__TASK GOAL__. One exact copy of the listing, minus the images, is the required answer.

__DATA SEGMENT__.
%%

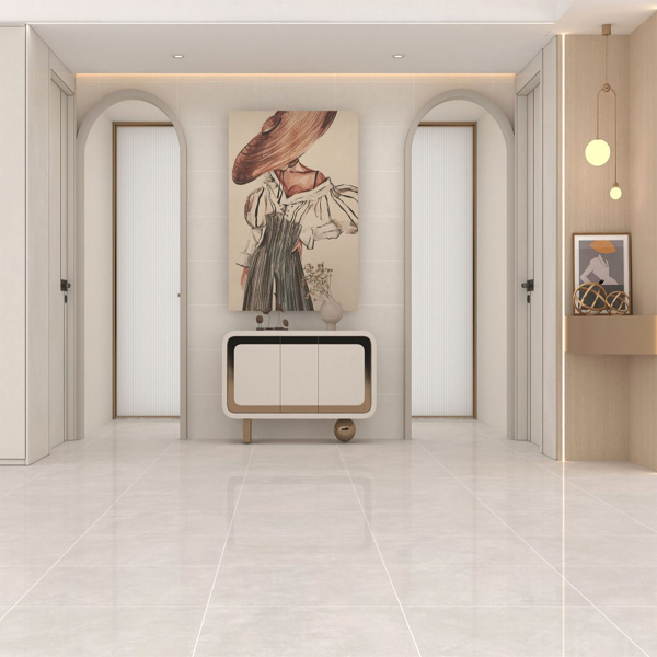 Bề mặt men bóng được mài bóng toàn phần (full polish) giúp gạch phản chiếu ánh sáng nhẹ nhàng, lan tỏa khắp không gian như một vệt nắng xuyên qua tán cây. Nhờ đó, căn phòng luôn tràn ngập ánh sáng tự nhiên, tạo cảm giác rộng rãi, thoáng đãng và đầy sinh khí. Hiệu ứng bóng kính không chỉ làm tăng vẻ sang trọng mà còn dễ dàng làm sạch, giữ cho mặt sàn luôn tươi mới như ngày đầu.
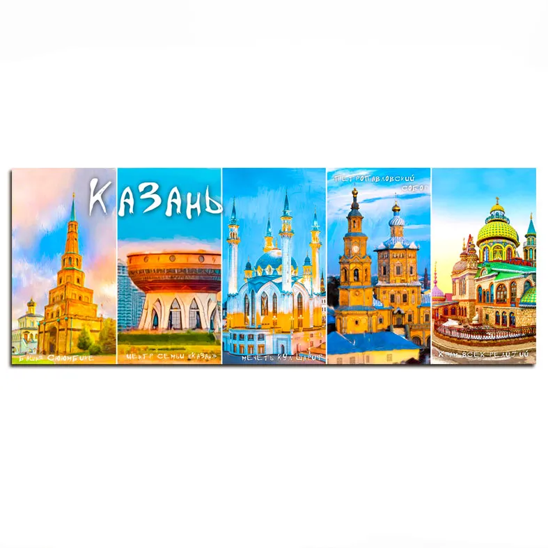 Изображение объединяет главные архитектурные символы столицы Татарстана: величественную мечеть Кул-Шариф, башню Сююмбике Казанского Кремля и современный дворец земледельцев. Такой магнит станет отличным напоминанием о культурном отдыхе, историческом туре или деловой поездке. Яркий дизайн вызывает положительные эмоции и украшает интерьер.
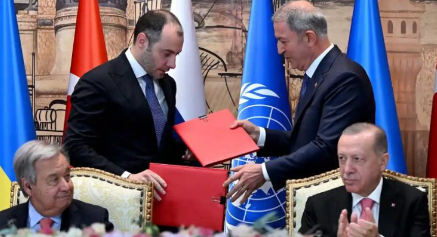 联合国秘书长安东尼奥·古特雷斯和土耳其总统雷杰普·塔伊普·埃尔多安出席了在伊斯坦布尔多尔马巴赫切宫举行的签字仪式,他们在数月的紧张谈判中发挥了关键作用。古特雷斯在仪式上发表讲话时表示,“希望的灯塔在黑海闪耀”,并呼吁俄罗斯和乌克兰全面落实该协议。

%%

__TASK RESULT__.
 Bề mặt men bóng được mài bóng toàn phần (full polish) giúp gạch phản chiếu ánh sáng nhẹ nhàng, lan tỏa khắp không gian như một vệt nắng xuyên qua tán cây. Nhờ đó, căn phòng luôn tràn ngập ánh sáng tự nhiên, tạo cảm giác rộng rãi, thoáng đãng và đầy sinh khí. Hiệu ứng bóng kính không chỉ làm tăng vẻ sang trọng mà còn dễ dàng làm sạch, giữ cho mặt sàn luôn tươi mới như ngày đầu.
 Изображение объединяет главные архитектурные символы столицы Татарстана: величественную мечеть Кул-Шариф, башню Сююмбике Казанского Кремля и современный дворец земледельцев. Такой магнит станет отличным напоминанием о культурном отдыхе, историческом туре или деловой поездке. Яркий дизайн вызывает положительные эмоции и украшает интерьер.
 联合国秘书长安东尼奥·古特雷斯和土耳其总统雷杰普·塔伊普·埃尔多安出席了在伊斯坦布尔多尔马巴赫切宫举行的签字仪式,他们在数月的紧张谈判中发挥了关键作用。古特雷斯在仪式上发表讲话时表示,“希望的灯塔在黑海闪耀”,并呼吁俄罗斯和乌克兰全面落实该协议。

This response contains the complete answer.